# TASK TO COMPLETE:
Nothing in the listing should be altered when it is copied, and no picture goes into the copy.

:: INPUT FOR THIS TASK ::

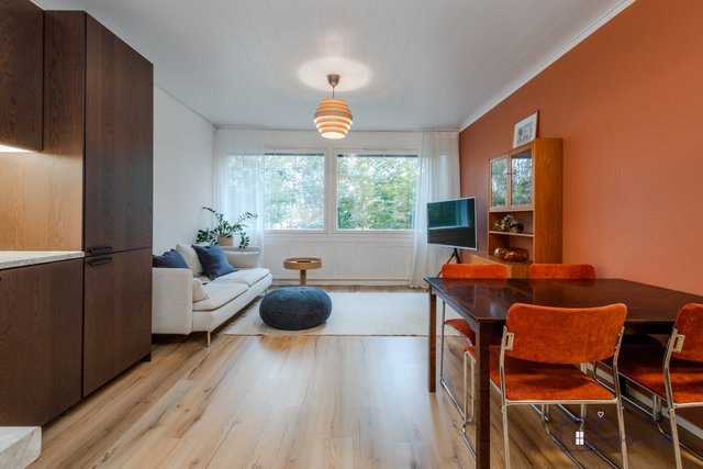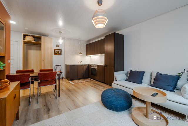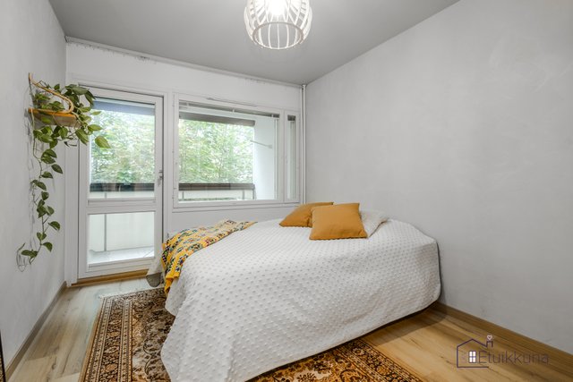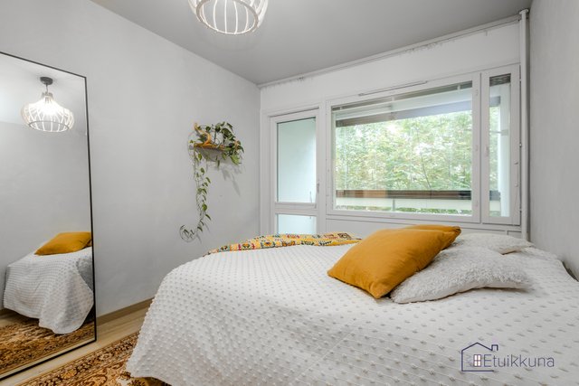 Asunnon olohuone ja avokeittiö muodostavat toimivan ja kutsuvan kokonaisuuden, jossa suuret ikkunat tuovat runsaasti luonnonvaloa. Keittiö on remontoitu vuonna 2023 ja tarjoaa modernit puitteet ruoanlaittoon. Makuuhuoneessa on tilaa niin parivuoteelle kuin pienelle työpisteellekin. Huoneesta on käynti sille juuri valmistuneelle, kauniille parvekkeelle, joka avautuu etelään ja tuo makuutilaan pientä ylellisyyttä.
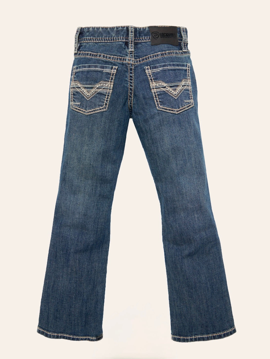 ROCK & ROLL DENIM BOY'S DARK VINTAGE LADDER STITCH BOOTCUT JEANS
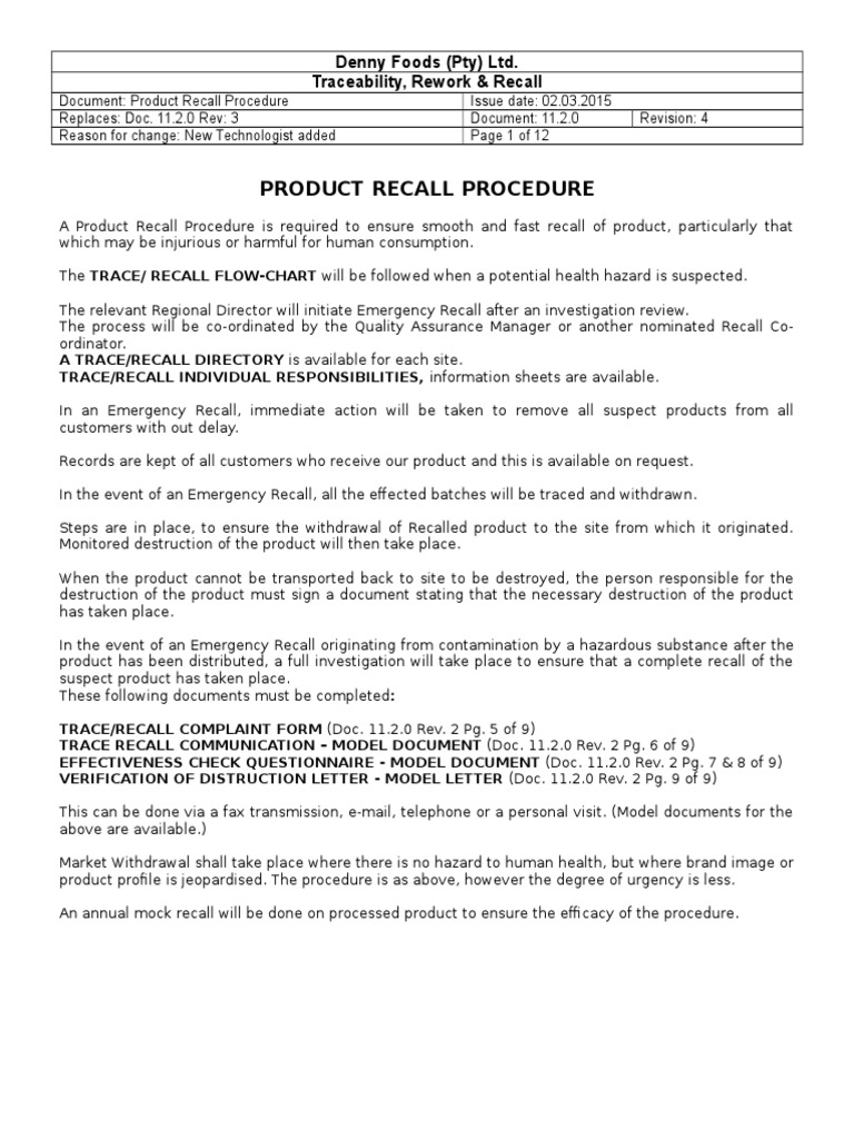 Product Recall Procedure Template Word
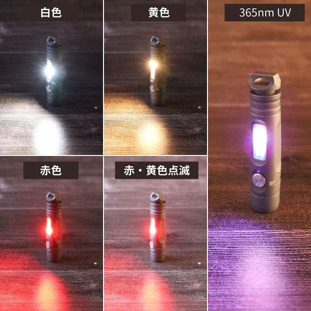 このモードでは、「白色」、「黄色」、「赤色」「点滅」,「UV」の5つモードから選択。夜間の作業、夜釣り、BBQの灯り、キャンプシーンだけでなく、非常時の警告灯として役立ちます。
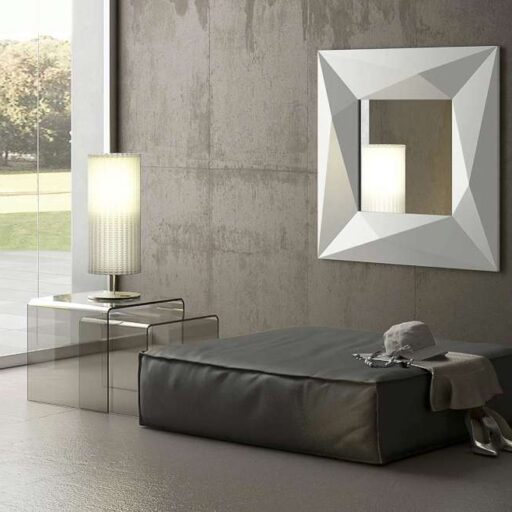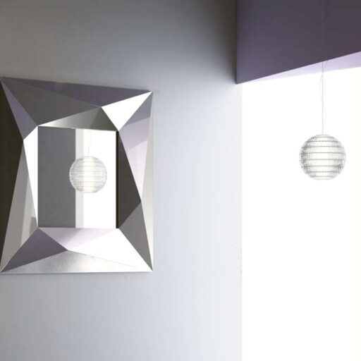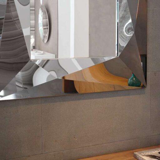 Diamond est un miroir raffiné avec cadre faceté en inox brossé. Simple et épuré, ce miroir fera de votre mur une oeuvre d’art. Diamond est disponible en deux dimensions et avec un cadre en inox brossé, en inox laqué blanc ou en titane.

:::

# FINAL ANSWER:
 Asunnon olohuone ja avokeittiö muodostavat toimivan ja kutsuvan kokonaisuuden, jossa suuret ikkunat tuovat runsaasti luonnonvaloa. Keittiö on remontoitu vuonna 2023 ja tarjoaa modernit puitteet ruoanlaittoon. Makuuhuoneessa on tilaa niin parivuoteelle kuin pienelle työpisteellekin. Huoneesta on käynti sille juuri valmistuneelle, kauniille parvekkeelle, joka avautuu etelään ja tuo makuutilaan pientä ylellisyyttä.
 ROCK & ROLL DENIM BOY'S DARK VINTAGE LADDER STITCH BOOTCUT JEANS
 Product Recall Procedure Template Word
 このモードでは、「白色」、「黄色」、「赤色」「点滅」,「UV」の5つモードから選択。夜間の作業、夜釣り、BBQの灯り、キャンプシーンだけでなく、非常時の警告灯として役立ちます。
 Diamond est un miroir raffiné avec cadre faceté en inox brossé. Simple et épuré, ce miroir fera de votre mur une oeuvre d’art. Diamond est disponible en deux dimensions et avec un cadre en inox brossé, en inox laqué blanc ou en titane.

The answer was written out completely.